Thousands of years of human history cannot be overruled by three hours of debate before nine imperfect people. But today that is the best liberals can hope for in the race to upend nature’s law — and nature’s God. Outside the U.S. Supreme Court, where the future of civilization was on trial, people from both sides of the marriage debate soaked in the sun while inside clouds gathered over the question that’s shadowed America for the last 11 years: does the court have a right to force same-sex “marriage” on every state in the union?
Two years ago, these same justices argued no. It was wrong, Anthony Kennedy warned, for courts to “put a thumb on the scales and influence a state’s decision as to how to shape its own marriage laws.” Now, a vocal minority is asking these nine justices to put — not just a thumb, but the body of America’s highest court on the scales, toppling 240 years of self-governance. If they concede, burying the nation’s democratic heritage under an avalanche of judicial activism, states’ rights are forever at risk.
“If you prevail here, there will be no more debate,” Chief Justice John Roberts told the other side’s attorneys. “People feel very differently if they have a chance to vote on it” as opposed to having it forced on them.
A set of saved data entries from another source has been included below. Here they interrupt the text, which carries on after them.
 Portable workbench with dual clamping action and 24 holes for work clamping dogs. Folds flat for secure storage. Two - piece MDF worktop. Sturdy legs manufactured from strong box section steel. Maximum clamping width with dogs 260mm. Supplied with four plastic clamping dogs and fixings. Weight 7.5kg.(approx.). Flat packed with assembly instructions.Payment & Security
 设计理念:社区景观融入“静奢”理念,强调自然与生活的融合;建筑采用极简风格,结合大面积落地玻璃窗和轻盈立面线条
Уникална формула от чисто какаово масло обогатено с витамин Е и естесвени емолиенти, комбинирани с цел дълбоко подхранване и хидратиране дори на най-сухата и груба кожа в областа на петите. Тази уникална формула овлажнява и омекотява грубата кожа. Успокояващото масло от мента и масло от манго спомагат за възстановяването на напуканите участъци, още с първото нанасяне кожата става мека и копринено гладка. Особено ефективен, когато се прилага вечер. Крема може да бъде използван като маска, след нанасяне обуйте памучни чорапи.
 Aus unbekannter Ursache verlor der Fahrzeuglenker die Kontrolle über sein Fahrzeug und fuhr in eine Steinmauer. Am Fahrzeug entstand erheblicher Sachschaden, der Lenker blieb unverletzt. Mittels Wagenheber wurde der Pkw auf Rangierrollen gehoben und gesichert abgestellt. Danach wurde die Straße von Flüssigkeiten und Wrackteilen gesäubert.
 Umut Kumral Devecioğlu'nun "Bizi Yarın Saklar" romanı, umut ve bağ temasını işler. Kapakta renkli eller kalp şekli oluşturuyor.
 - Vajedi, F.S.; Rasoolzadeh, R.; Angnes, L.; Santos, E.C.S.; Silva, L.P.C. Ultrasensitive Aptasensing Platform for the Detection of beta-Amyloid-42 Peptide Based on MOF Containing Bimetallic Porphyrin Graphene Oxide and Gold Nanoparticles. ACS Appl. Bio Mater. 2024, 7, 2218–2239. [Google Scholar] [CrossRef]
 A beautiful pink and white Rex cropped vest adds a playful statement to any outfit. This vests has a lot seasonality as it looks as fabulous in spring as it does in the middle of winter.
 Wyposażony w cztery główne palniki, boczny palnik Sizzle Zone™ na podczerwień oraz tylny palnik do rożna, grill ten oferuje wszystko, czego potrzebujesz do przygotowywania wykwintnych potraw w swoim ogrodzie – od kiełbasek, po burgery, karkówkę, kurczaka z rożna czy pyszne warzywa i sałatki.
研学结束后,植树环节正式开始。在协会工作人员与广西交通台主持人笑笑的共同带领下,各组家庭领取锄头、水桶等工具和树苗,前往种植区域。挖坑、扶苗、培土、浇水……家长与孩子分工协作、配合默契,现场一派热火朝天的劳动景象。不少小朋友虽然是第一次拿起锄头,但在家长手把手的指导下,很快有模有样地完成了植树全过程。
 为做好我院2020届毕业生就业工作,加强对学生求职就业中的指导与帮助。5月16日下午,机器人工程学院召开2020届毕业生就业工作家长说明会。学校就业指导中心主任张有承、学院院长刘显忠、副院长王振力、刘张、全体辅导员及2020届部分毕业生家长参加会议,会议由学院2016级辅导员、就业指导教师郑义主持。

Justice Antonin Scalia chimed in as well, insisting that the key question here was who should decide the issue, pointing out that only 11 states had done so by a “vote of the people or the legislature.”
It wasn’t long before Justice Kennedy, who many see as the Court’s only swing vote, pointed out that man-woman marriage has been “with us for a millennia.” Why should the court impose a new definition and say “we know better?” he asked. Even liberal Justice Stephen Breyer shared his concern: “This has been the law for thousands of years. Suddenly, you want nine people outside the ballot box to require states that don’t want to change?” At least three justices brought up the slippery slope of inventing a right to marry, especially since it paves the way to legalized polygamy, incest, and — as we’ve already seen — faith-based discrimination.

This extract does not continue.